Ex Parte McNabb

887 So. 2d 998, 2004 WL 406752
CourtSupreme Court of Alabama
DecidedMarch 5, 2004
Docket1021364
StatusPublished
Cited by75 cases

This text of 887 So. 2d 998 (Ex Parte McNabb) is published on Counsel Stack Legal Research, covering Supreme Court of Alabama primary law. Counsel Stack provides free access to over 12 million legal documents including statutes, case law, regulations, and constitutions.

Bluebook
Ex Parte McNabb, 887 So. 2d 998, 2004 WL 406752 (Ala. 2004).

Opinions

Torrey Twane McNabb sought certiorari review of the judgment of the Court of Criminal Appeals affirming his convictions and sentence for capital murder and attempted murder. We granted his petition to review whether the trial court erred in giving the jury instructions in the sentencing phase of his capital-murder trial. We affirm.

The underlying facts of this case are fully set forth in the opinion of the Court of Criminal Appeals, McNabb v. State, [Ms. CR-98-0967, October 26, 2001] 887 So.2d 929, 939 (Ala.Crim.App. 2001), and need not be repeated. McNabb was convicted on January 8, 1999, in the Montgomery Circuit Court on two counts of capital murder for the murder of Montgomery Police Officer Anderson Gordon. *Page 1000 The murder was made capital by Ala. Code 1975, § 13A-5-40(a)(5), which makes capital the "[m]urder of any police officer . . . while such officer . . . is on duty, regardless of whether the defendant knew or should have known the victim was an officer . . . on duty, or because of some official or job-related act or performance of such officer," and § 13A-5-40(a)(17), which makes capital "[m]urder committed by or through the use of a deadly weapon while the victim is in a vehicle."

By a vote of 10 to 2, the jury recommended a sentence of death. The trial court accepted the jury's recommendation, and sentenced McNabb to death. The Court of Criminal Appeals affirmed the convictions and sentence.

McNabb challenges the jury instructions given during the sentencing phase of his trial. The court bifurcated the jury charge at the sentencing phase, giving instructions both before the presentation of evidence and after closing arguments. McNabb did not object to the timing or the content of the instructions.

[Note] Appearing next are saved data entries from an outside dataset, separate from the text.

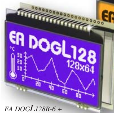
EA DOGL128B-6 + EA LED68x51-W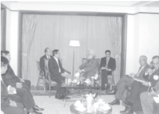
Prime Minister General Soe Win meets with Indian Prime Minister Dr Manmohan Singh in Kuala Lumpur.

YANGON, 18 Dec— Prime Minister of the Union of Myanmar General Soe Win met Indian Prime Minister Dr Manmohan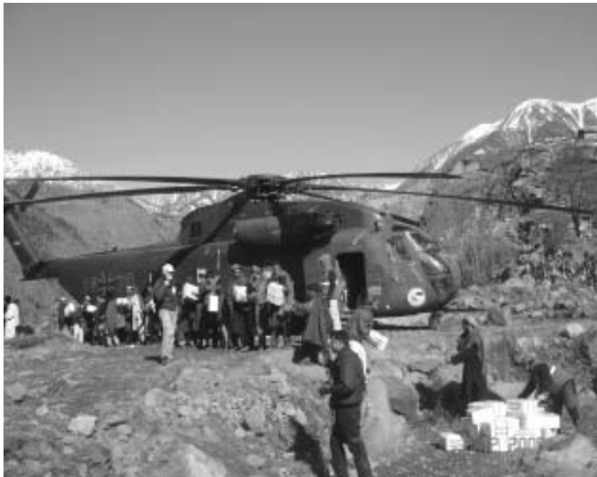
A German military helicopter transporting relief items for the Pakistan Red Cross and IFRC following the earthquake in 2005

While the involvement of the military in relief operations is not new (think of the 1948–49 Berlin airlift, for example), military engagement in relief activities has grown since the early 1990s. Military resources were used in response to the 1991 cyclone in Bangladesh, and after Hurricane Mitch in Central America in 1998. More recently, the US military supported the response to Hurricane Katrina in 2005, the UK military was brought in to help tackle floods in Britain in 2007 and huge numbers of Chinese troops were deployed in the aftermath of the earthquake in Sichuan province in 2008. Following the October 2005 earthquake in Pakistan, domestic and international military actors mounted the largest humanitarian helicopter airlift ever seen. Regional alliances too are paying growing attention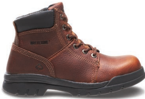
6" Brown W04713 Steel-Toe W04735 Soft-Toe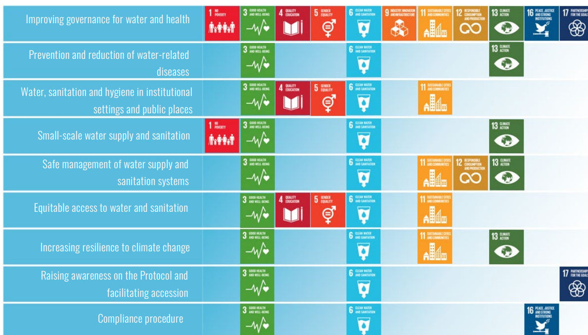
Figure 1 Synergies between the Sustainable Development Goals and the Protocol’s programme of work for 2023–2025

Source: Based on Protocol on Water and Health and the 2030 Agenda: A Practical Guide for Joint Implementation , figure 2, p. 6 (United Nations publication, Sales No. E.19.II.E.15).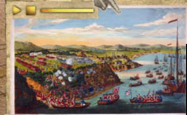
The British landing for their first attack.

February 11, 1763 More bad news has come, France has given up on us, they have abandoned New France. The British king, the Spanish king and ours signed a treaty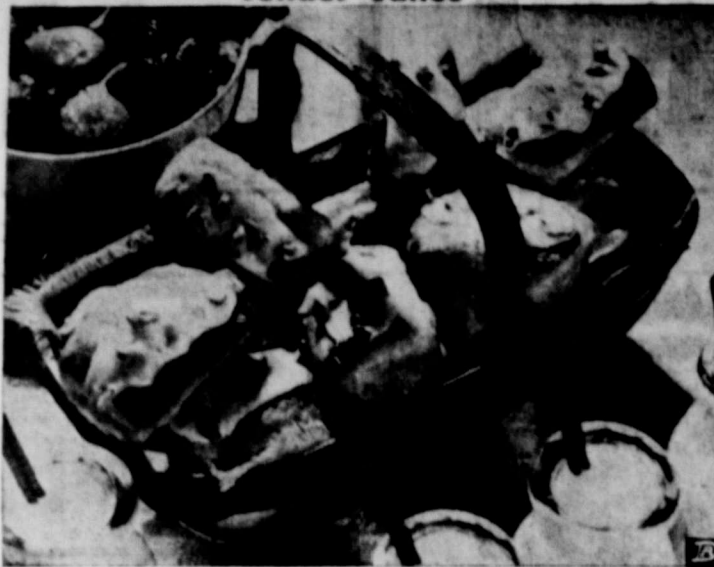
Bring delightful eating and good nutrition to your table with a basketful of tender Janes, tiny leaf-shaped sweet rolls.

Tender Janes are another of the excellent puffs and sweet rolls you can make from a beaten batter which requires no kneading. The main ingredient in the batter is enriched flour, which makes these rolls a good source of essential B-vitamins and iron.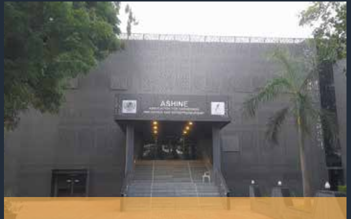
ASHINE Building (Old Library Building Redeveloped)

The court gave the following pertinent instructions at the beginning of the sentencing phase:

"The law of this state provides that the punishment for the capital offenses for which you have convicted this defendant, is either death by electrocution or life imprisonment without the eligibility of parole. The law also provides that which of those two punishments should be imposed upon the defendant depends on whether any aggravating circumstances exist; and if so, whether the aggravating circumstances outweigh the mitigating circumstances.

"An aggravating circumstance is a circumstance specified by law which indicates or tends to indicate that the defendant should be sentenced to death. A mitigating circumstance is any circumstance that indicates or tends to indicate that the defendant should be sentenced to life imprisonment without parole instead of death. The issue of this sentence hearing concerns circumstances of aggravation and circumstances of mitigation that you should consider and weigh against each other in deciding what the proper punishment is in this case.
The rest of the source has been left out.